DEBUG:pubchempy:Request URL: https://pubchem.ncbi.nlm.nih.gov/rest/pug/compound/substructure/smiles/JSON
DEBUG:pubchempy:Request data: smiles=%5BTi%5D
DEBUG:pubchempy:Request URL: https://pubchem.ncbi.nlm.nih.gov/rest/pug/compound/listkey/1812119792714669902/synonyms/JSON
DEBUG:pubchempy:Request data: None
1630
[u'13463-67-7', u'1317-80-2', u'1317-70-0', u'98084-96-9', u'100292-32-8', u'101239-53-6', u'116788-85-3', u'12000-59-8', u'12036-20-3', u'12701-76-7']

In [7]:
cas_rns = get_substructure_cas('[Pd]')
print(len(cas_rns))
print(cas_rns[:10])


DEBUG:pubchempy:Request URL: https://pubchem.ncbi.nlm.nih.gov/rest/pug/compound/substructure/smiles/JSON
DEBUG:pubchempy:Request data: smiles=%5BPd%5D
DEBUG:pubchempy:Request URL: https://pubchem.ncbi.nlm.nih.gov/rest/pug/compound/listkey/2802290965277166497/synonyms/JSON
DEBUG:pubchempy:Request data: None
1401
[u'7440-05-3', u'17637-99-9', u'53092-86-7', u'7647-10-1', u'10038-97-8', u'10102-05-3', u'14846-30-1', u'884739-77-9', u'3375-31-3', u'19807-27-3']

We could potentially get a TimeoutError if there are too many results.
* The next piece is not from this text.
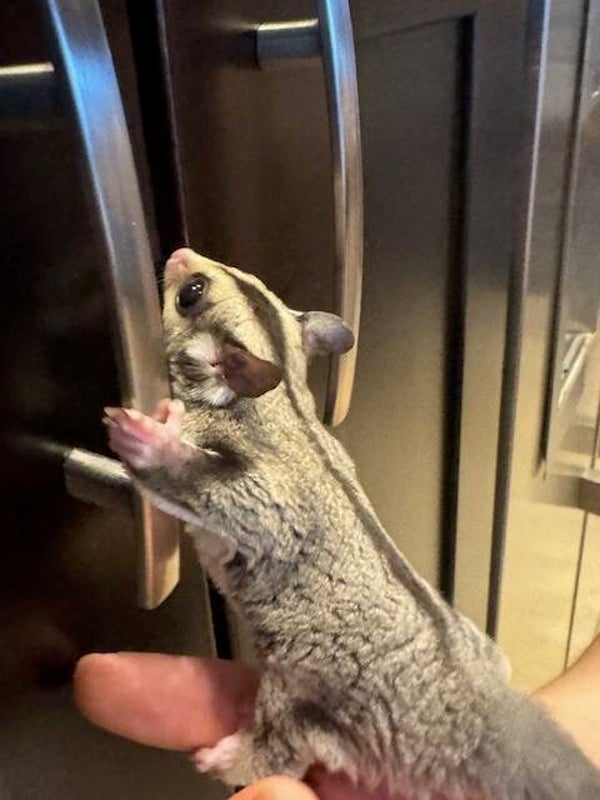 He’s playful, curious, and already practicing his sugar glider ninja skills (with a few crash landings, but hey — he's learning!). Snuggles? Yes. Snacks? Always. Trouble? Just a little.

In this case, it might be better to perform the substructure search and then get the synonyms separately:


In [8]:
cids = pcp.get_cids('[Pd]', 'smiles', searchtype='substructure')
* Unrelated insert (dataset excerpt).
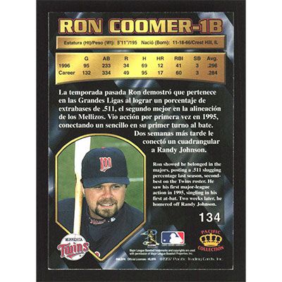 This is a 1997 Pacific Ron Coomer baseball card. The card is #134 and pictures show condition.

DEBUG:pubchempy:Request URL: https://pubchem.ncbi.nlm.nih.gov/rest/pug/compound/substructure/smiles/JSON
DEBUG:pubchempy:Request data: smiles=%5BPd%5D
DEBUG:pubchempy:Request URL: https://pubchem.ncbi.nlm.nih.gov/rest/pug/compound/listkey/3838589667186536348/cids/JSON
DEBUG:pubchempy:Request data: None

Then you can do pcp.get_synonyms(cids) with the list of CIDs.